#### DATA LISTING:
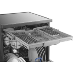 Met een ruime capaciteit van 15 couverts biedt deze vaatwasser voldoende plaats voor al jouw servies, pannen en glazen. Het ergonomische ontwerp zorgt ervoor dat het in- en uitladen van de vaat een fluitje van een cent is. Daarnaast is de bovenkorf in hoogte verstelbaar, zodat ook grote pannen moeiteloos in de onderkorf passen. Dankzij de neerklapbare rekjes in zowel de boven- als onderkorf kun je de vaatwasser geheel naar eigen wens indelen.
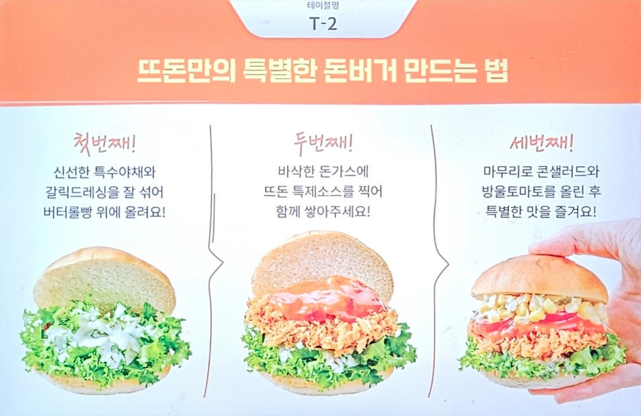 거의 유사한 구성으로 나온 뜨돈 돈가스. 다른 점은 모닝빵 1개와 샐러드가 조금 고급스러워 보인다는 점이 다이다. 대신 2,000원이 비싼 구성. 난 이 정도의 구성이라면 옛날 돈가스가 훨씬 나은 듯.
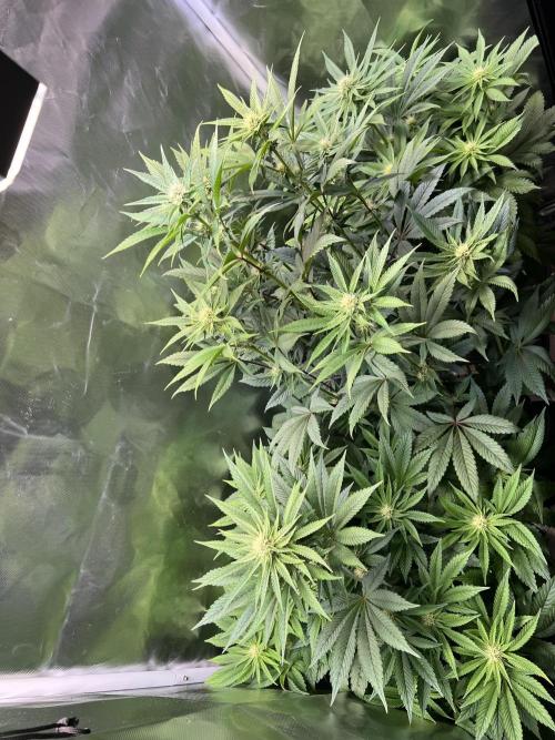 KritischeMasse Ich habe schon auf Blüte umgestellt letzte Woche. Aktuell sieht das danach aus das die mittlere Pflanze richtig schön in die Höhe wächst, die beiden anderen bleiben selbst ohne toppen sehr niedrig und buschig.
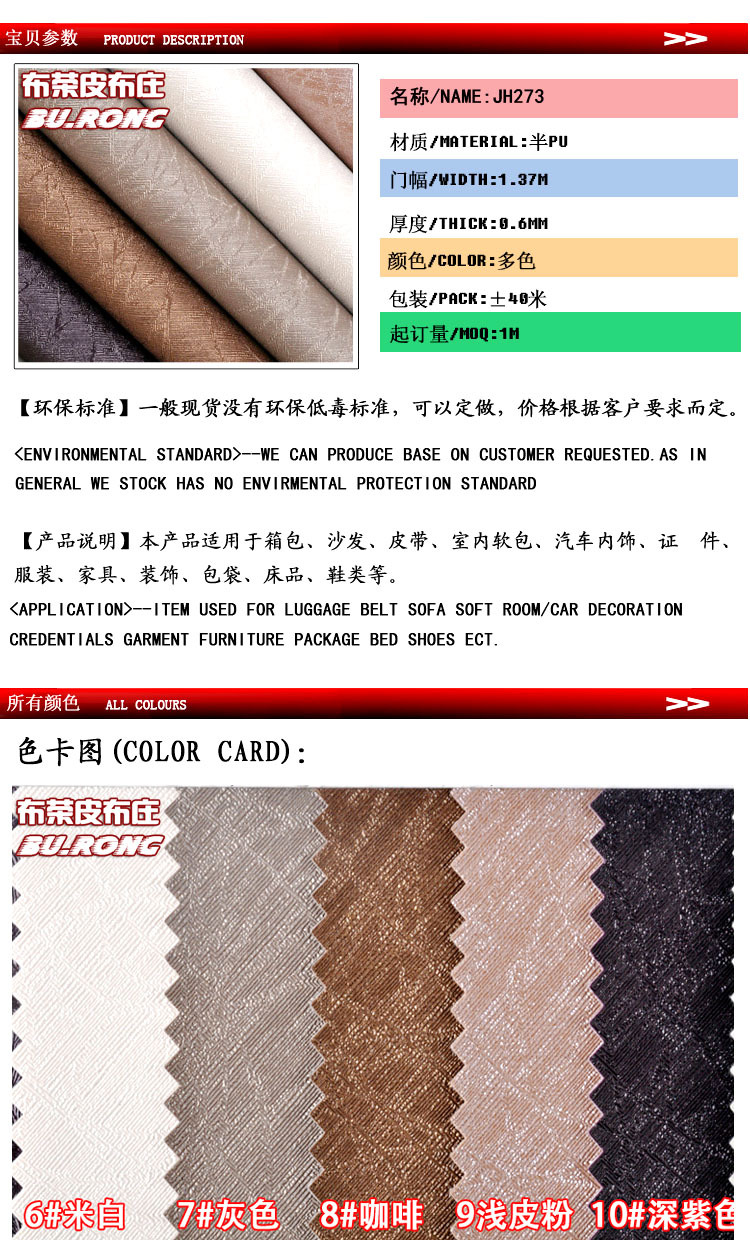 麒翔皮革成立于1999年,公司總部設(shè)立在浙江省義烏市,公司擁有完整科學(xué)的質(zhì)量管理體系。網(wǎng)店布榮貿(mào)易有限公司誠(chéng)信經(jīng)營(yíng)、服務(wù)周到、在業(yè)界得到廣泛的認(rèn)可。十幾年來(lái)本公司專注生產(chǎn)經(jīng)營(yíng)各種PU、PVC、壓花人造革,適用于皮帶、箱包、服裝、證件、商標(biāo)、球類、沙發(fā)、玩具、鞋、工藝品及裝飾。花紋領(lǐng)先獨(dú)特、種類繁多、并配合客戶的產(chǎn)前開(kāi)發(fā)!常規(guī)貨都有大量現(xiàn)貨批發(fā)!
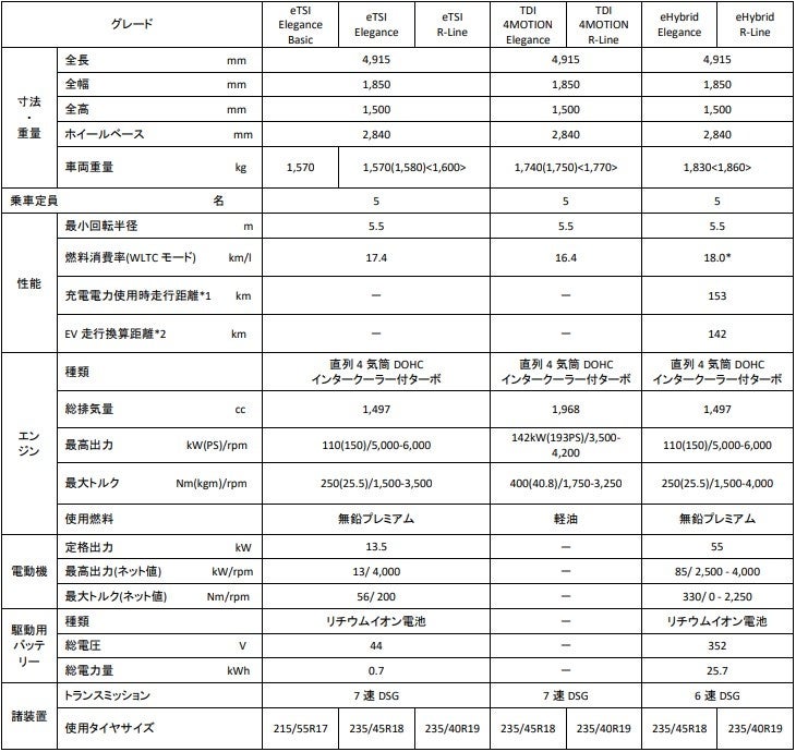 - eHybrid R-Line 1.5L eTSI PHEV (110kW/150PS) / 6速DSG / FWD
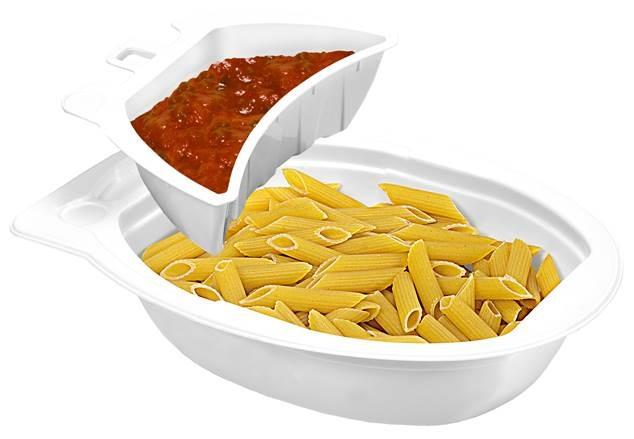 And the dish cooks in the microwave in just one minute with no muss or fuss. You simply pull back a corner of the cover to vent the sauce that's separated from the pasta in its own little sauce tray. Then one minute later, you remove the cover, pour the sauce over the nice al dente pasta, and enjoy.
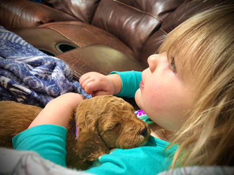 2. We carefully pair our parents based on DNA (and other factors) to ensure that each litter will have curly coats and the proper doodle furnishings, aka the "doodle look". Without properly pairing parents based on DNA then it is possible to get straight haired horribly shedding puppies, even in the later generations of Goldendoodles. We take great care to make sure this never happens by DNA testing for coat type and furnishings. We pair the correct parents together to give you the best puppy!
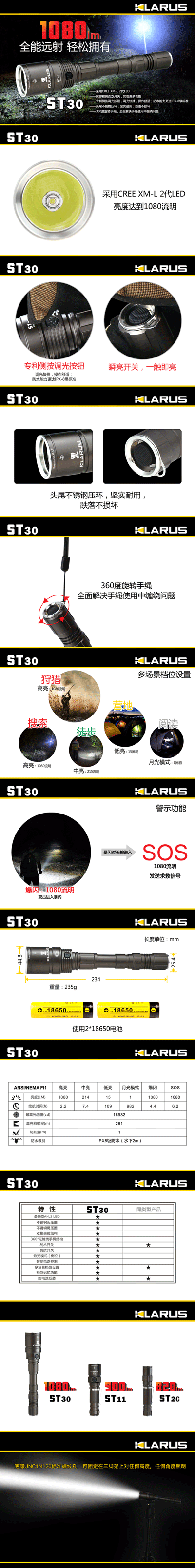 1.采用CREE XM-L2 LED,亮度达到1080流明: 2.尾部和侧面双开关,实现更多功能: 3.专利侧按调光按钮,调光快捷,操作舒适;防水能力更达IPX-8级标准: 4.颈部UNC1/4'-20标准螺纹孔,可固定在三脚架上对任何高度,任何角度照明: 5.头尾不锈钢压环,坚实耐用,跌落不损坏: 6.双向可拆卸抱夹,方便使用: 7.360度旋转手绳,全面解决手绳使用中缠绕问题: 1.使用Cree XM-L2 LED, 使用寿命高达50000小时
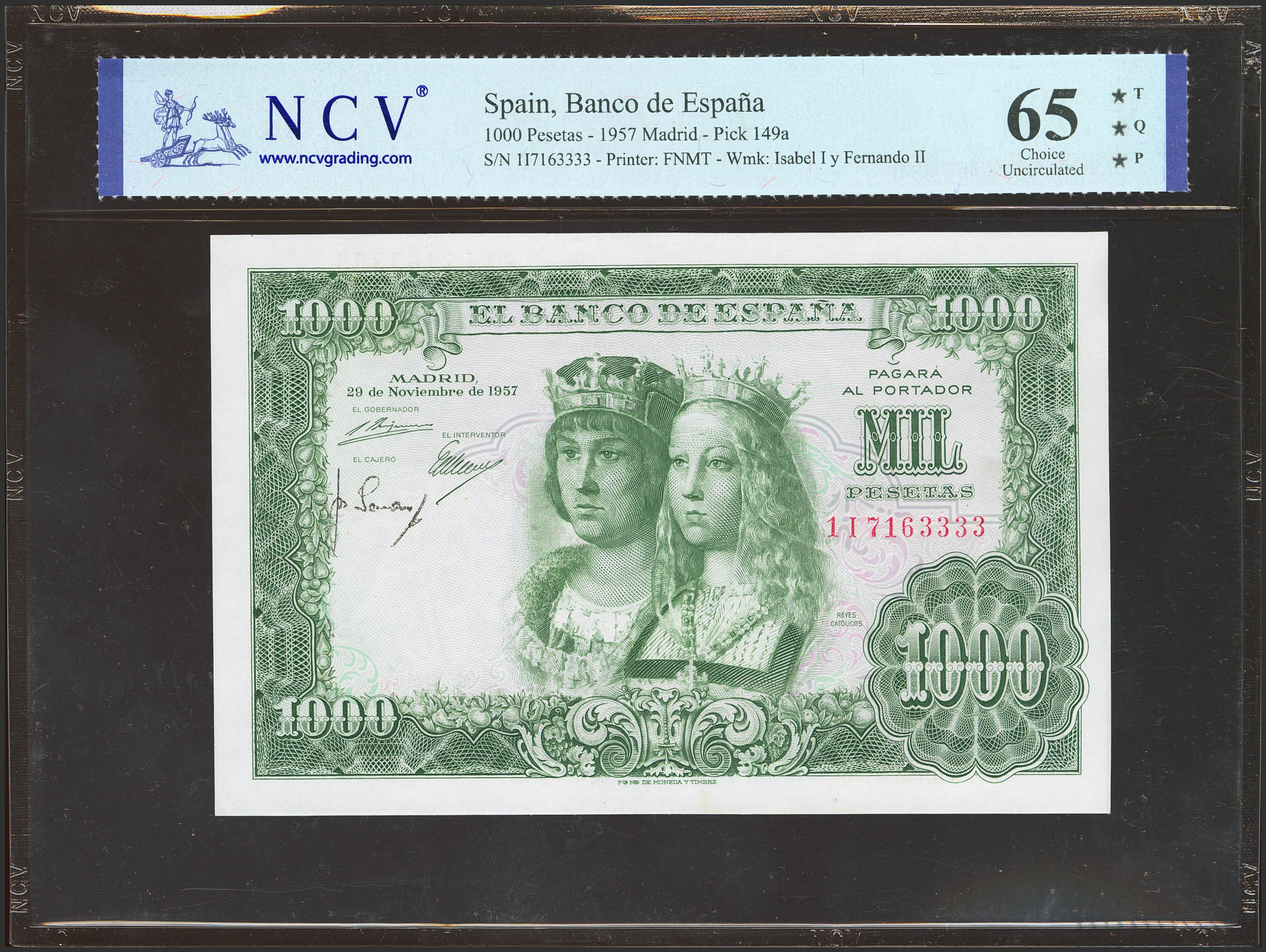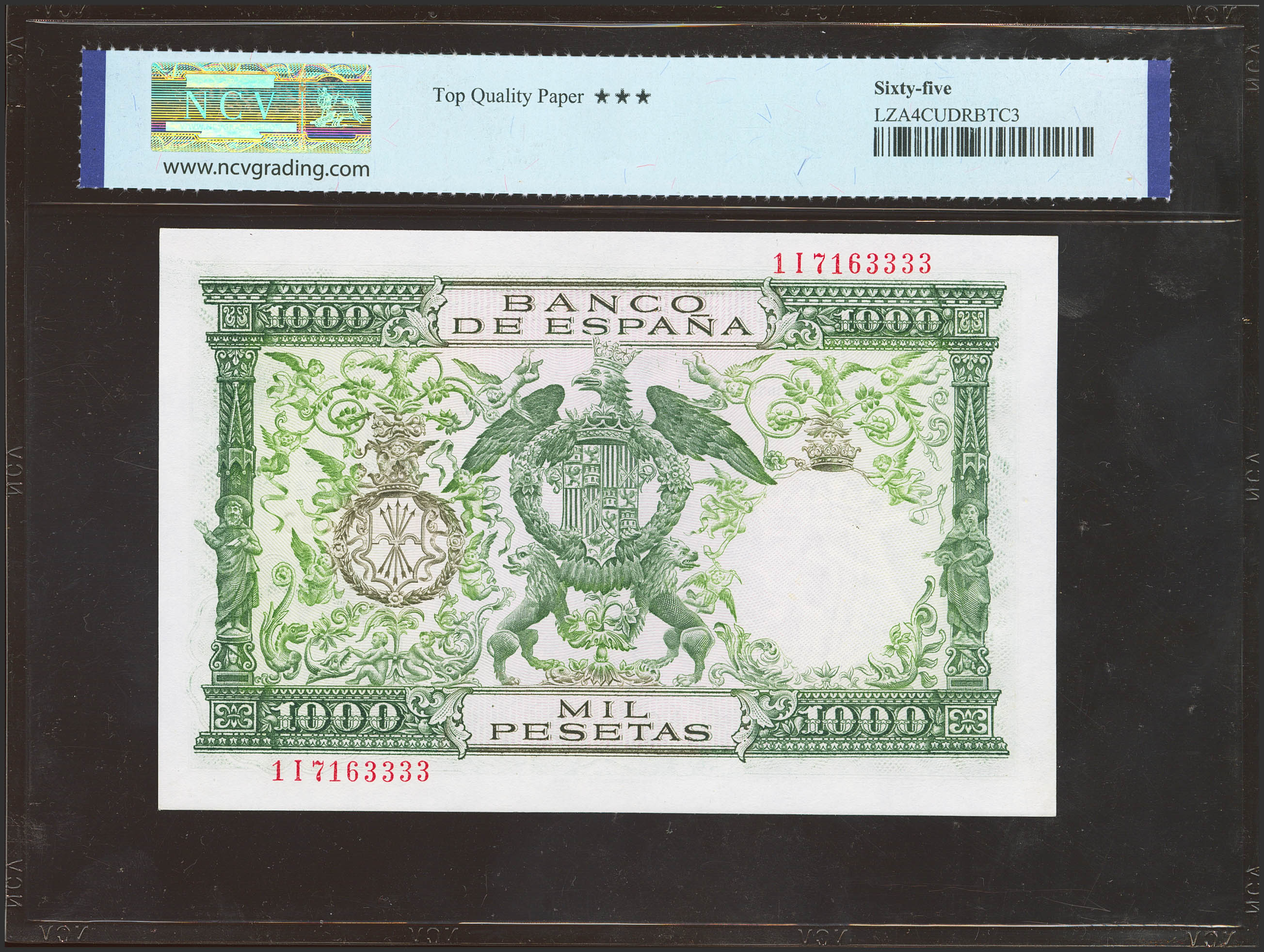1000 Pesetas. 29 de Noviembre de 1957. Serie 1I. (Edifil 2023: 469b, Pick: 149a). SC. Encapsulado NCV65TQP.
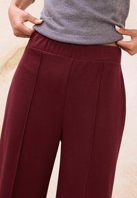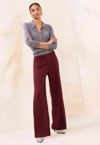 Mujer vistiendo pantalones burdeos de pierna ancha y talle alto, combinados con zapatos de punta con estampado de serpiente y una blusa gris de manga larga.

#### WORK INSTRUCTIONS:
All of the data above should be quoted exactly, except for the pictures.

#### TASK RESPONSE:
 Met een ruime capaciteit van 15 couverts biedt deze vaatwasser voldoende plaats voor al jouw servies, pannen en glazen. Het ergonomische ontwerp zorgt ervoor dat het in- en uitladen van de vaat een fluitje van een cent is. Daarnaast is de bovenkorf in hoogte verstelbaar, zodat ook grote pannen moeiteloos in de onderkorf passen. Dankzij de neerklapbare rekjes in zowel de boven- als onderkorf kun je de vaatwasser geheel naar eigen wens indelen.
 거의 유사한 구성으로 나온 뜨돈 돈가스. 다른 점은 모닝빵 1개와 샐러드가 조금 고급스러워 보인다는 점이 다이다. 대신 2,000원이 비싼 구성. 난 이 정도의 구성이라면 옛날 돈가스가 훨씬 나은 듯.
 KritischeMasse Ich habe schon auf Blüte umgestellt letzte Woche. Aktuell sieht das danach aus das die mittlere Pflanze richtig schön in die Höhe wächst, die beiden anderen bleiben selbst ohne toppen sehr niedrig und buschig.
 麒翔皮革成立于1999年,公司總部設(shè)立在浙江省義烏市,公司擁有完整科學(xué)的質(zhì)量管理體系。網(wǎng)店布榮貿(mào)易有限公司誠(chéng)信經(jīng)營(yíng)、服務(wù)周到、在業(yè)界得到廣泛的認(rèn)可。十幾年來(lái)本公司專注生產(chǎn)經(jīng)營(yíng)各種PU、PVC、壓花人造革,適用于皮帶、箱包、服裝、證件、商標(biāo)、球類、沙發(fā)、玩具、鞋、工藝品及裝飾。花紋領(lǐng)先獨(dú)特、種類繁多、并配合客戶的產(chǎn)前開(kāi)發(fā)!常規(guī)貨都有大量現(xiàn)貨批發(fā)!
 - eHybrid R-Line 1.5L eTSI PHEV (110kW/150PS) / 6速DSG / FWD
 And the dish cooks in the microwave in just one minute with no muss or fuss. You simply pull back a corner of the cover to vent the sauce that's separated from the pasta in its own little sauce tray. Then one minute later, you remove the cover, pour the sauce over the nice al dente pasta, and enjoy.
 2. We carefully pair our parents based on DNA (and other factors) to ensure that each litter will have curly coats and the proper doodle furnishings, aka the "doodle look". Without properly pairing parents based on DNA then it is possible to get straight haired horribly shedding puppies, even in the later generations of Goldendoodles. We take great care to make sure this never happens by DNA testing for coat type and furnishings. We pair the correct parents together to give you the best puppy!
 1.采用CREE XM-L2 LED,亮度达到1080流明: 2.尾部和侧面双开关,实现更多功能: 3.专利侧按调光按钮,调光快捷,操作舒适;防水能力更达IPX-8级标准: 4.颈部UNC1/4'-20标准螺纹孔,可固定在三脚架上对任何高度,任何角度照明: 5.头尾不锈钢压环,坚实耐用,跌落不损坏: 6.双向可拆卸抱夹,方便使用: 7.360度旋转手绳,全面解决手绳使用中缠绕问题: 1.使用Cree XM-L2 LED, 使用寿命高达50000小时
1000 Pesetas. 29 de Noviembre de 1957. Serie 1I. (Edifil 2023: 469b, Pick: 149a). SC. Encapsulado NCV65TQP.
 Mujer vistiendo pantalones burdeos de pierna ancha y talle alto, combinados con zapatos de punta con estampado de serpiente y una blusa gris de manga larga.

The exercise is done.